Complete reference for the dbslice command-line interface.

Table of Contents


Installation

# Install dbslice
uv add dbslice

# Verify installation
dbslice --version

Commands

extract

Extract a database subset starting from seed record(s).

Synopsis

dbslice extract [OPTIONS] [DATABASE_URL]

Arguments

Argument Description
DATABASE_URL Optional database connection URL. If omitted, DATABASE_URL environment variable is used.

Options

Connection Options
Option Type Default Description
--schema TEXT public PostgreSQL schema name
--config, -c PATH - Path to YAML configuration file
Seed Configuration
Option Type Default Description
--seed, -s TEXT Required Seed record specification (repeatable)
--allow-unsafe-where / --no-allow-unsafe-where FLAG Disabled Allow subqueries in seed WHERE clauses (trusted inputs only)

Seed Formats: - table.column=value - Simple equality (e.g., orders.id=12345) - table:WHERE_CLAUSE - Raw WHERE clause (e.g., orders:status='failed')

Traversal Options
Option Type Default Description
--depth, -d INTEGER 3 Maximum FK traversal depth
--direction TEXT both Traversal direction: up, down, or both
--exclude, -x TEXT - Tables to exclude (repeatable)
Output Options
Option Type Default Description
--output, -o TEXT sql Output format: sql, json, or csv
--out-file, -f PATH - Write to file instead of stdout
--output-file-mode TEXT 600 Output file permissions (octal, e.g. 600, 640)
--json-mode TEXT auto JSON mode: auto, single, or per-table
--json-pretty / --json-compact FLAG Pretty Enable/disable JSON pretty-printing
Anonymization Options
Option Type Default Description
--anonymize / --no-anonymize, -a FLAG Disabled Enable/disable automatic anonymization of sensitive fields
--redact, -r TEXT - Additional fields to redact (repeatable, format: table.column)
--non-deterministic / --deterministic FLAG Deterministic Use non-deterministic anonymization (random output each run, stronger privacy but no cross-table consistency)
Compliance Options
Option Type Default Description
--compliance TEXT - Compliance profile(s) to apply (repeatable): gdpr, hipaa, pci-dss
--compliance-strict / --no-compliance-strict FLAG Disabled Fail extraction if value-based PII scanning detects unmasked PII
--manifest / --no-manifest FLAG Auto Generate audit manifest (auto-enabled with --compliance)
--allow-raw FLAG Disabled Breakglass override for compliance policy gates (requires reason + ticket)
--breakglass-reason TEXT - Required justification when --allow-raw is used
--ticket-id TEXT - Required tracking ticket/incident ID when --allow-raw is used

When compliance profiles are active, anonymization is auto-enabled and profile patterns are merged as fallback wildcard rules (user exact fields > user patterns > profile patterns > built-ins).

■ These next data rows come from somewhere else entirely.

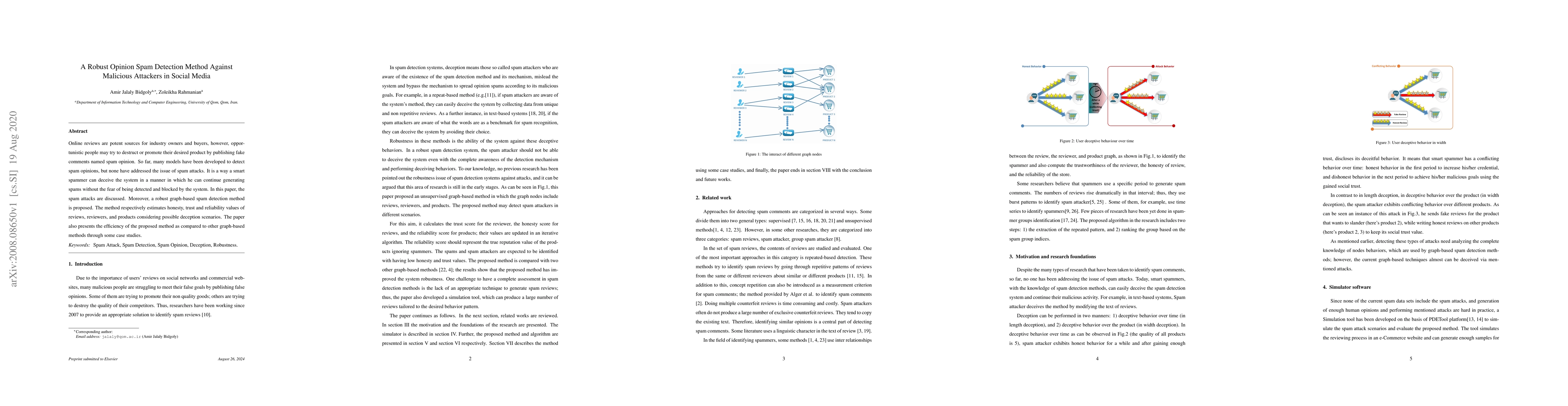 Online reviews are potent sources for industry owners and buyers, however opportunistic people may try to destruct or promote their desired product by publishing fake comments named spam opinion. So far, many models have been developed to detect spam opinions, but none have addressed the issue of spam attack. It is a way a smart spammer can deceive the system in a manner in which he can continue generating spams without the fear of being detected and blocked by the system. In this paper, the spam attacks are discussed. Moreover, a robust graph-based spam detection method is proposed. The method respectively estimates honesty, trust and reliability values of reviews, reviewers, and products considering possible deception scenarios. The paper also presents the efficiency of the proposed method as compared to other graph-based methods through some case studies.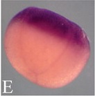 bmp15 (bone morphogenetic protein 15) gene expression in Xenopus laevis embryo, assayed via in situ hybridization, NF stage 3, horizontal view, animal up. This image is extracted from figure published in: Di Pasquale E and Brivanlou AH (2009), Image published in: Di Pasquale E and Brivanlou AH (2009) Copyright © 2009. Image reproduced with permission of the Publisher and the copyright holder. This is an Open Access article distributed under the terms of the Creative Commons Attribution License.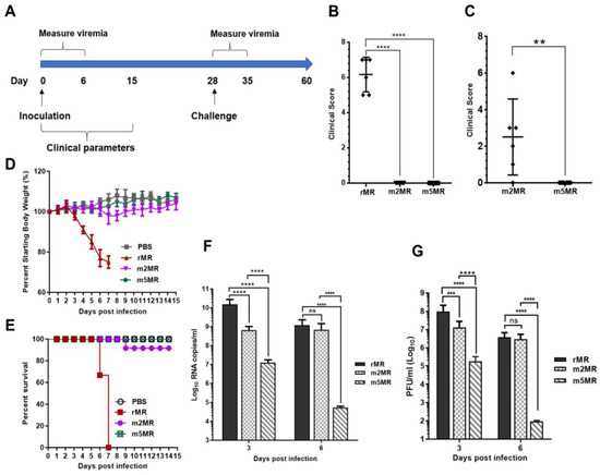 m5MR virus is attenuated in mice. (A) Scheme of virus inoculation and challenge study in three to four-week-old Ifnar1−/− A129 mice. Mice were injected subcutaneously (s.c.) with 1000 PFU (plaque-forming unit) of rMR (n = 6), m2MR (n = 12), and m5MR (n = 12) viruses on day 0. PBS was injected in the control group (n = 6). Clinical scores at 6 dpi for rMR, m2MR, and m5MR virus-infected groups (B) and 10 dpi for m2MR and m5MR virus-infected groups (C). (D) Weight loss and (E) Percent (%) survival of mice in infected or PBS control groups. Viremia in serum at 3 dpi and 6 dpi as measured by genome copy numbers (F) and infectious virus titers (G). Data presented are combined data from two independent experiments. Unpaired Student’s t-test (two-tailed) (for panel (B,C)) and Mann–Whitney test (for panel (F,G)) were used to determine significance between groups. ****, p < 0.0001; ***, p < 0.001; **, p < 0.01; ns, non-significant.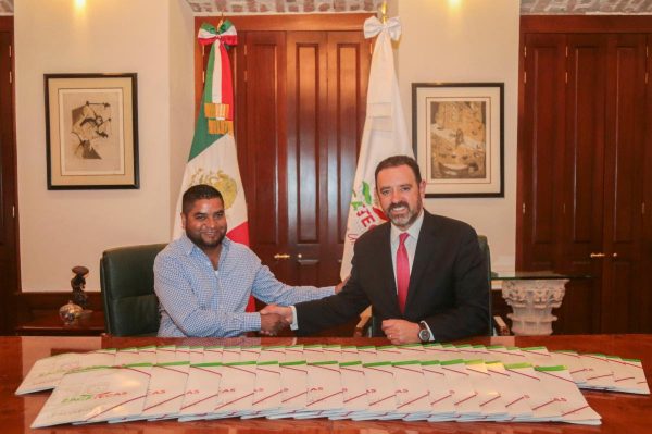 Zacatecas, Zac.- El Gobernador Alejandro Tello entregó escrituras del Programa Vivienda Joven al alcalde de General Pánfilo Natera, Juan Pablo Contreras López.

Value-based scanning runs in two phases: coverage (pre-mask) identifies where PII exists, then residual (post-mask) checks only unprotected columns. Strict mode fails only on residual detections — it won't false-positive on correctly anonymized fields.

Validation Options
Option Type Default Description
--validate / --no-validate FLAG Enabled Validate extraction for referential integrity
--fail-on-validation-error / --no-fail-on-validation-error FLAG Disabled Stop execution if validation finds issues
Performance Options
Option Type Default Description
--profile / --no-profile FLAG Disabled Enable query profiling and show statistics
--stream / --no-stream FLAG Disabled Force streaming mode (requires --out-file)
--stream-threshold INTEGER 50000 Auto-enable streaming above this row count
--stream-chunk-size INTEGER 1000 Rows per chunk in streaming mode
Display Options
Option Type Default Description
--verbose, -v FLAG False Show detailed logs including traversal path
--no-progress FLAG False Disable progress output (for piping)
--dry-run FLAG False Show what would be extracted without fetching data

Examples

Basic Extraction
# Extract by primary key
dbslice extract postgresql://localhost/myapp --seed "orders.id=12345"

# Extract to file
dbslice extract postgresql://localhost/myapp -s "orders.id=12345" -f subset.sql

# With verbose output
dbslice extract postgresql://localhost/myapp -s "orders.id=12345" -f subset.sql -v
Multiple Seeds
# Multiple seeds (same table)
dbslice extract postgresql://localhost/myapp \
  -s "orders.id=12345" \
  -s "orders.id=67890"

# Multiple seeds (different tables)
dbslice extract postgresql://localhost/myapp \
  -s "orders.id=12345" \
  -s "users.email='test@example.com'"
WHERE Clause Seeds
# Simple condition
dbslice extract postgresql://localhost/myapp \
  -s "orders:status='failed'"

# Complex condition
dbslice extract postgresql://localhost/myapp \
  -s "orders:created_at >= '2023-01-01' AND status='pending'"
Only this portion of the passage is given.